Plus, the song was a success because it was fun. Constant euphoria is common on dance mixes, but the dance mix isn’t exactly a genre that’s had a ton of success on American radio. On first listen, “The Jock Jam” is all about pulling out the samples and figuring out how each song (and ESPN quote) fits into the overall collage. But from there, the bracing forward momentum of the song seems to encapsulate the thrill of victory (never the agony of defeat) into one chunk of music. Plus, the fact that the whole thing is built from other pieces means that it carries all sorts of additional resonances for listeners. Each sample can return a listener to the first time he or she heard that particular song, while the mix as a whole creates a kind of sporting event in miniature, a constant rush of sensation.
In their terrific book Those Guys Have All The Fun: Inside The World Of ESPN, Tom Shales and James Andrew Miller detail this time as one when ESPN’s numerous on-air personalities were chafing against the network’s perceived need to always have the ESPN name come before any of its stars. It was a time when Olbermann, in particular, would blow up his relationship with the network and wander off in search of another platform. While that relationship with its talent seems to be reflected on the Jock Jams CDs—with the ESPN brand more important than any one voice-clip—“The Jock Jam” flips the script.

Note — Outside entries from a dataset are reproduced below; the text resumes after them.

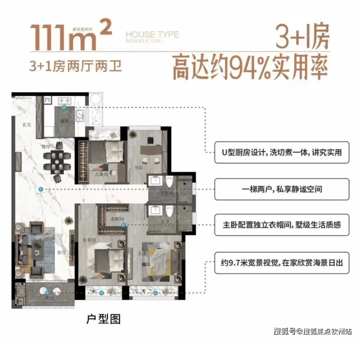 建面约110㎡海景大四房,270°视野,将大海的浩渺、中山公园的诗意,无限揽入室内,在家即是满分度假感。
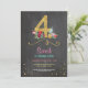 Flamingo 4. Geburtstag Party helle Tafel einladen. ÄNDERN SIE DEN TEXT, UM IHREN PARTY- & Rückdrucktitel ANZUG.
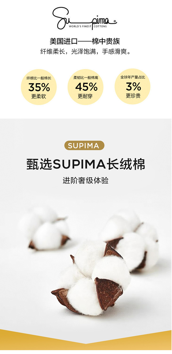 匹马棉是“棉花中的软黄金”极品长绒棉的统称,全球出产的棉花中只有3%能被叫做匹马棉。
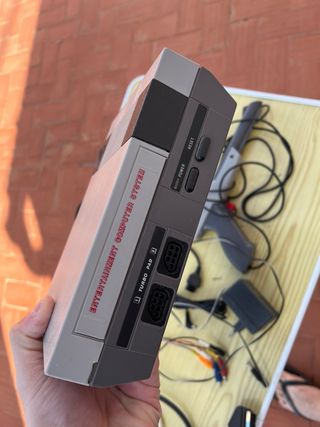 Consola retro Nintendo NES en colores beige y gris. Funciona, con dos mandos todos los cables y accesorios.
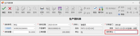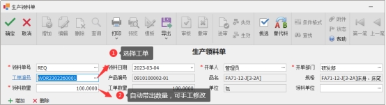 1)录入领料单时,首先输入工单编号和生产数量,输入两个信息后,将自动带入其他的信息。

The euphoria is everything, and ESPN’s personalities are right there in the middle of it. That snarky older brother is no longer just a corporate voice; he’s a bunch of real guys you might be able to hang out with.
It’s a fool’s errand to read too much of what was going on at ESPN at the time into a megamix (produced by another company) included on a CD that the network simply put its name on and almost certainly didn’t exercise much control over. Yet there are hints here all the same, particularly in “The Jock Jam.” If the country wanted what ESPN was selling—and it increasingly did—it also wanted those products to be attached to trusted faces and personalities appealing to hang out with. Yet the greatest value of ESPN was ultimately as a name, a brand that conveyed a certain kind of quality and a particular voice. Over time, ESPN has made its peace with the fact that it can create stars, but in 1997, the network still seemed uneasy with the idea that its personalities could become so popular they would wind up on radio hits.